Climbing stairs which must be climbed,
I am up on Olympus, the pagan god's peak,
far below I see waters and shores;
my desires a river seen from a mountain,
my strange urges a city seen from a mountain,
the communal life of strangers:
a bond of chance seen from a mountain;
the lines of my song are those images,
for as long as they may last,
these forms always busy with shadows,
these distances, too, are my kin,
desolate places always busy with light.
I am asked, "What is this shadow?"
It is the superfluous songs I write.
(no date; from Ballabh 1981)
Where is the Voice? (Avaj Kaham Cha?)
We had watched the festival of flowers,
we had seen them in their rows,
even as we spoke another folktale formed;
tales of Sunkeshari and Dikpal disappear,
Dikpal is lost, of the demons there's no sign[1] in the festival of flowers.

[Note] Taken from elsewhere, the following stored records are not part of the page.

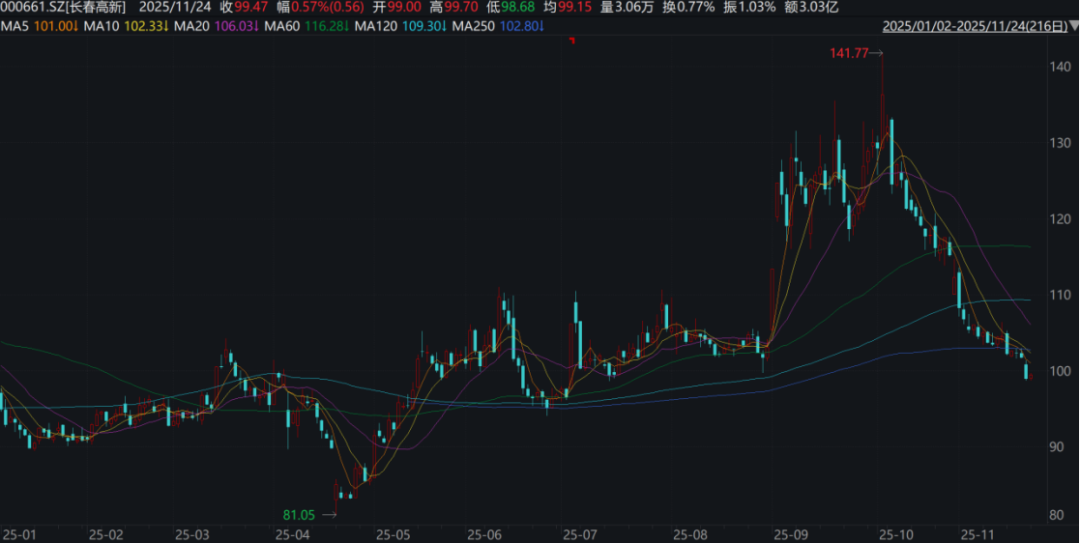 不过,受集采降价和生长激素市场竞争加剧影响,公司此后股价连续四年下跌。截至2025年11月24日午盘,长春高新股价报98.79元/股(不复权),总市值约为403亿元,较2021年最高值已蒸发超1700亿元。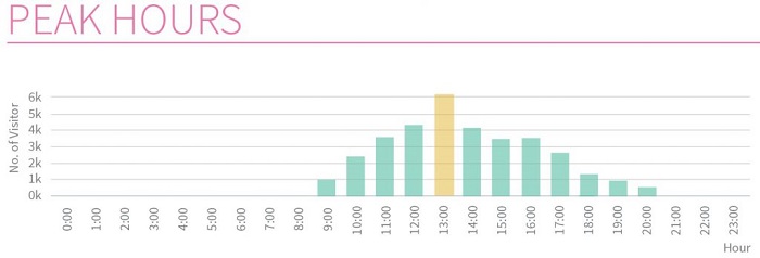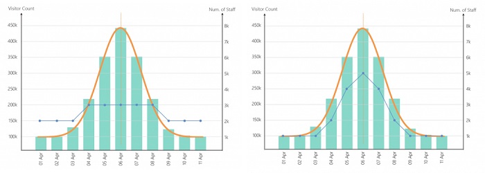 Điều chỉnh và tối ưu hóa giờ làm việc của nhân viên dựa trên số lượng khách truy cập của cửa hàng thông qua máy đếm người. Trong hình minh họa ở trên, có số lượng khách truy cập đặc biệt cao trong 13:00, điều này có nghĩa là nhân viên không nên đi nghỉ trưa trong giờ này để phục vụ lưu lượng truy cập tăng. Quản lý cấp trên có thể phân bổ nhân viên cho các cửa hàng của họ dựa trên xu hướng lịch sử và mức độ giảm thiểu tác động của khách hàng để có thể phân bổ nguồn lực không hiệu quả thành hiệu quả.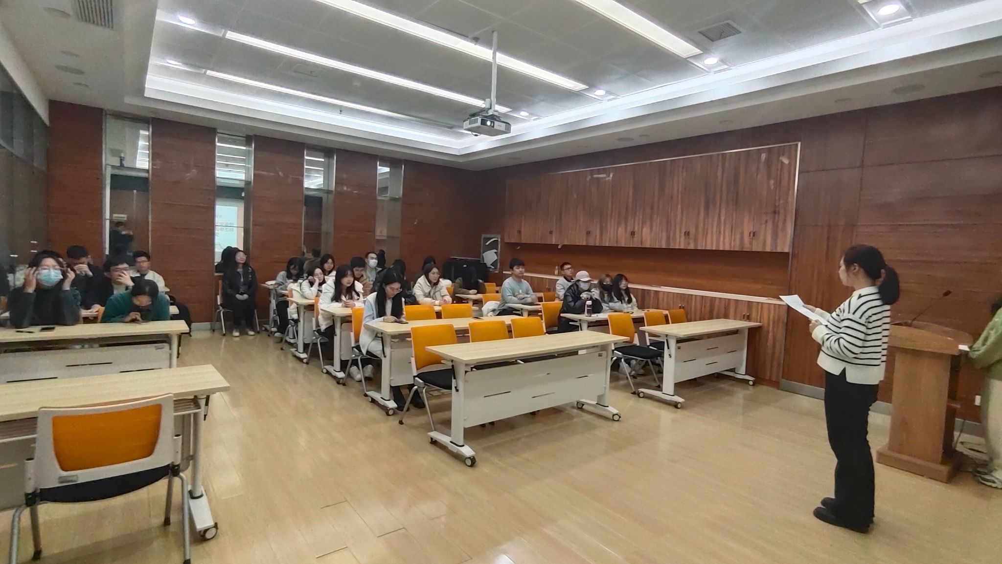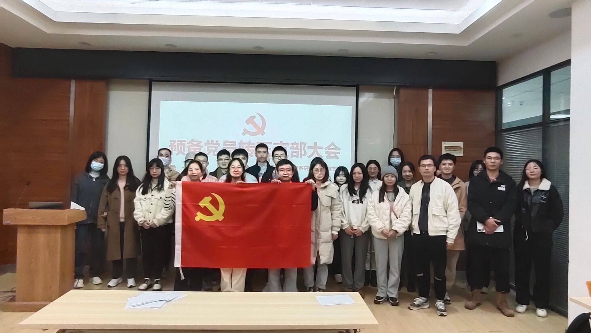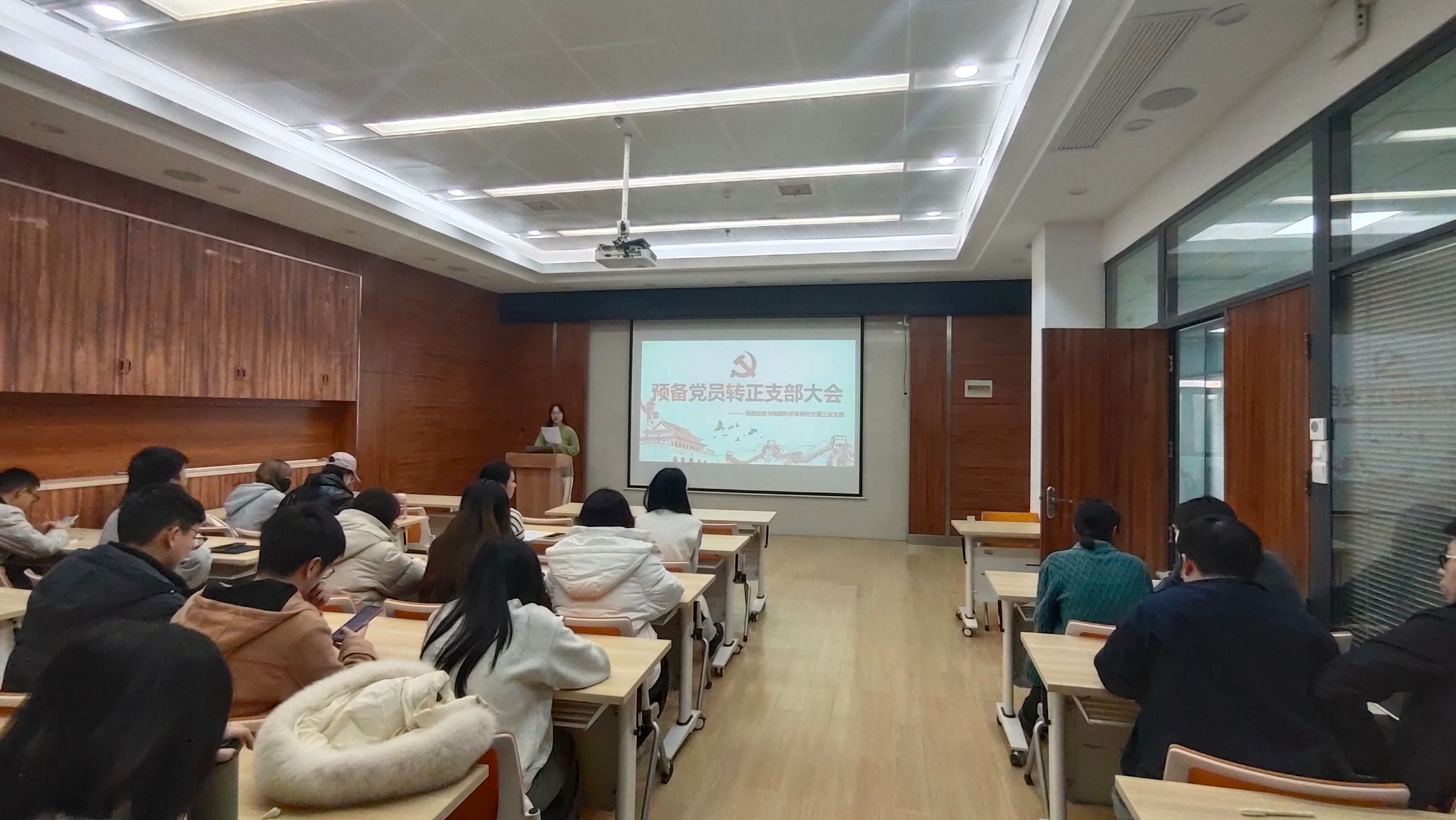 2023年11月28日下午16:40,于电脑城429会议室,地理信息与地图科学系研究生第三党支部举行预备党员转正支部大会暨“感悟思想伟力,感受文化魅力”党日主题活动。本次会议由支部书记喻韩同志主持,支部党员、预备党员及入党积极分子参与此次会议。本次会议应到正式党员30名,实到会正式党员25名,有表决权的到会人数超过应到会有表决权人数的半数,符合规定人数。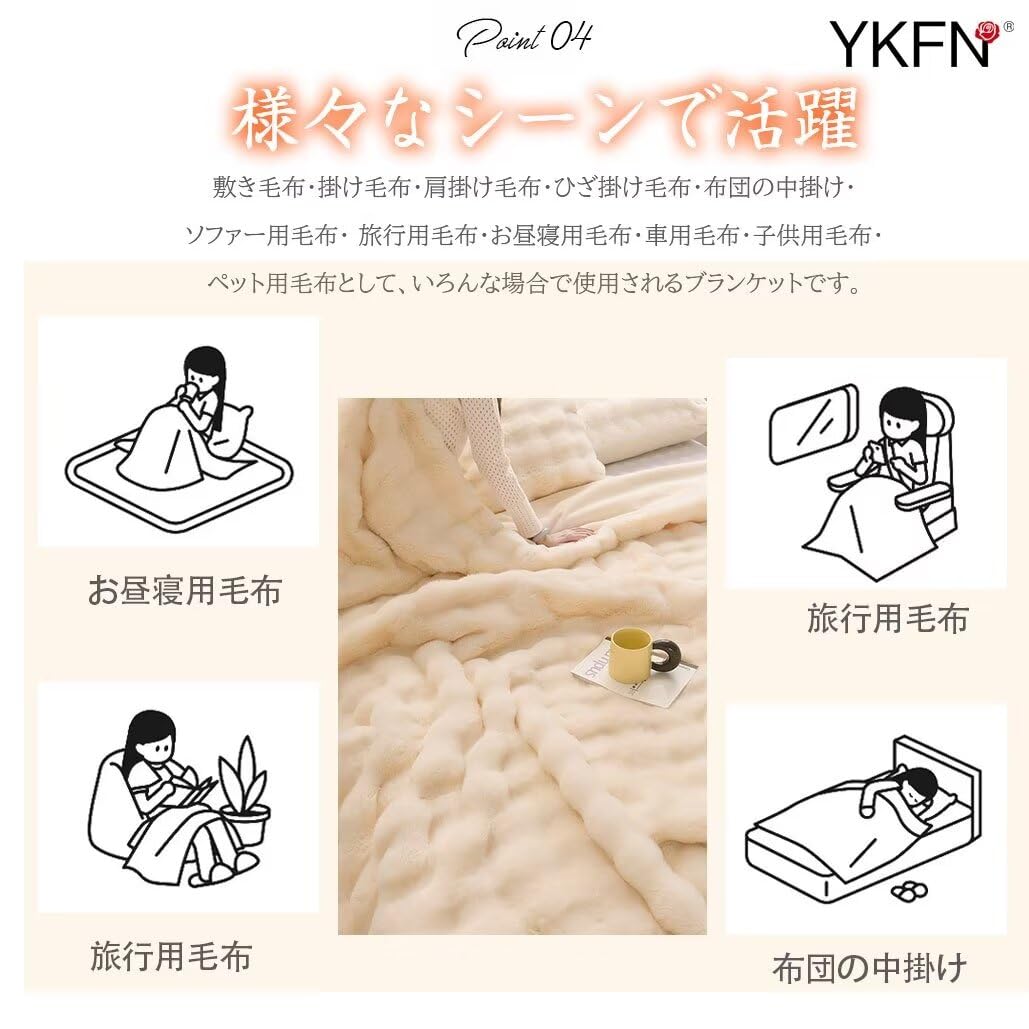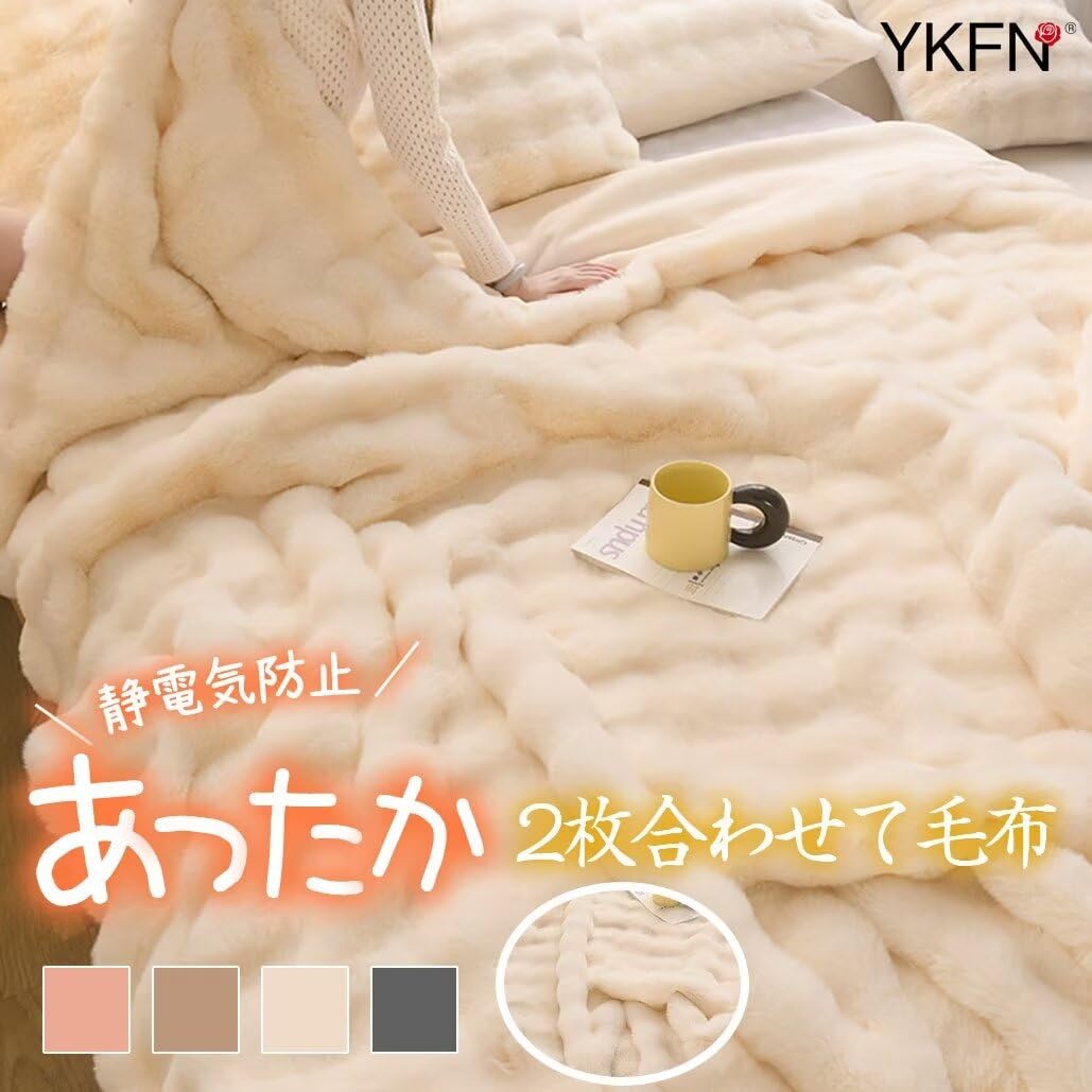 YKFN ブランケット 毛布 ダブル 冬 厚手 うさ毛布 ふわふわ あったか毛布 2枚合わせ毛布 抗菌防臭防ダニ 吸湿発熱 静電気防止 暖かい毛布 掛け毛布 掛け布団 もこもこ毛布 マイクロファイバー 保温 軽量 洗える 180x200 ベージュ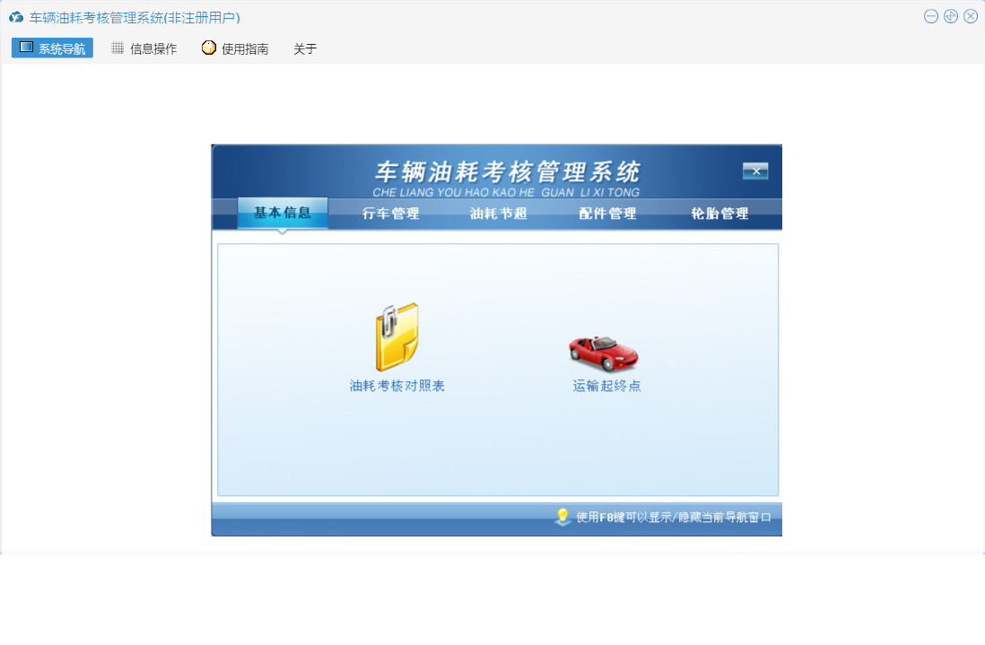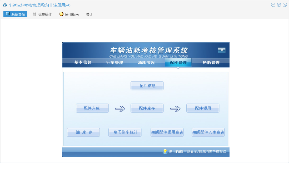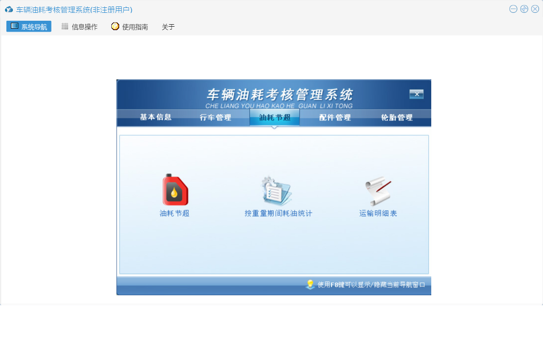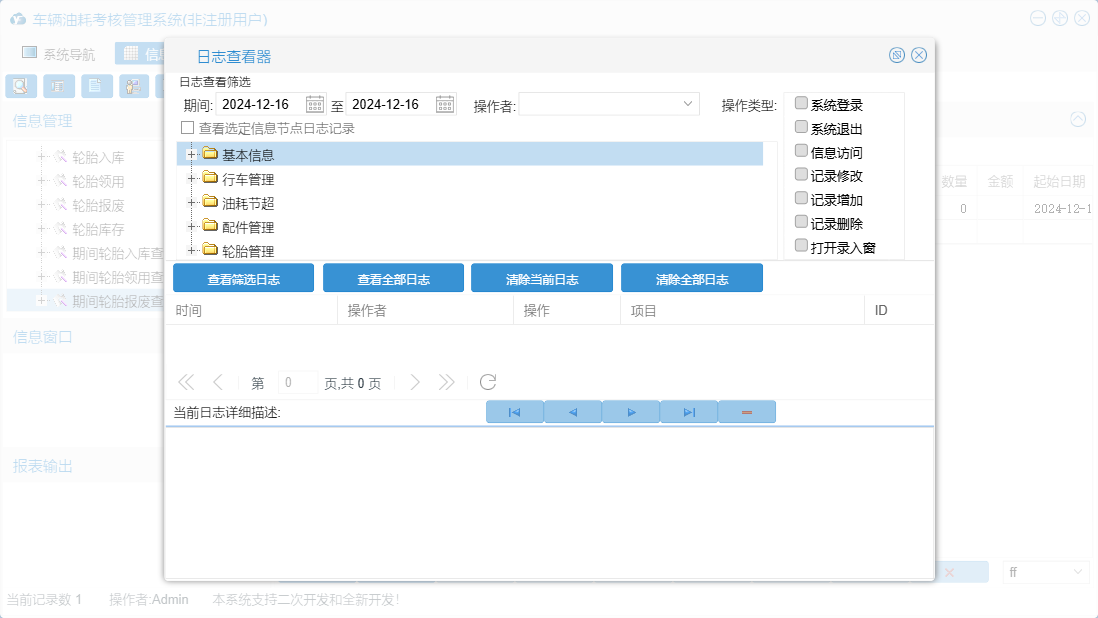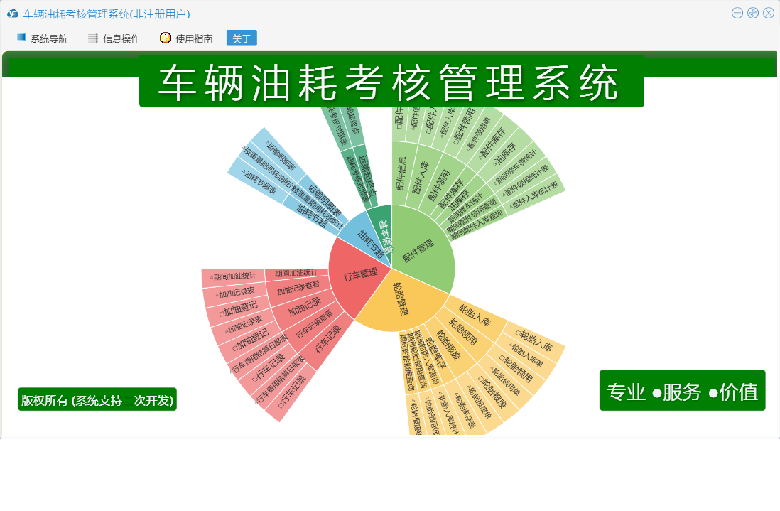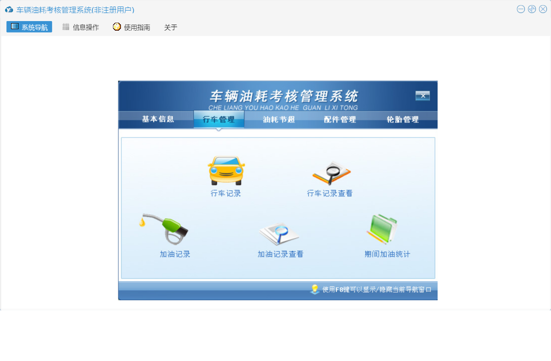 车辆油耗考核管理系统包含以下功能:行车记录、配件入库、轮胎入库、权限设置、运输起终点、轮胎管理、配件信息、轮胎报废、配件管理、配件领用、加油记录、关于、基本信息、轮胎领用、行车管理、行车记录查看、油耗考核对照表、日志、油耗节超、加油记录查看等

Unfamiliar faces are walking by
with paper flowers for the Gai Jatra,[2] their lines are dark smoke, dark words,
they walk with dark conduct.
I asked—where is this procession going?
but received no reply:
we always want an answer,
but no procession ever gave one.
We asked, what are these eyes and masks?
Just their festival, they replied.
Just a procession that has not set out,
just lines all ready which have not moved.
Those shapes and horizons,
those skies and patterns!
How distant it is, unreachable,
however far the procession goes,
tramping mountain paths,
up hill and down dale, however long we walked,
that unreachable world was nowhere,
nowhere to be found.
Why can't we arrive there today?
With our feast of flowers
we have made flowers grow in the gardens.
Here one must not mention it;
it could be a song,
[1] Princess Sunkeshari and Prince Dikpal are the central characters of one of the most popular Nepali folktales. Dikpal rescued the princess from the clutches of some demons (daitya ) who had devoured all the inhabitants of her father's kingdom and kept her under a spell.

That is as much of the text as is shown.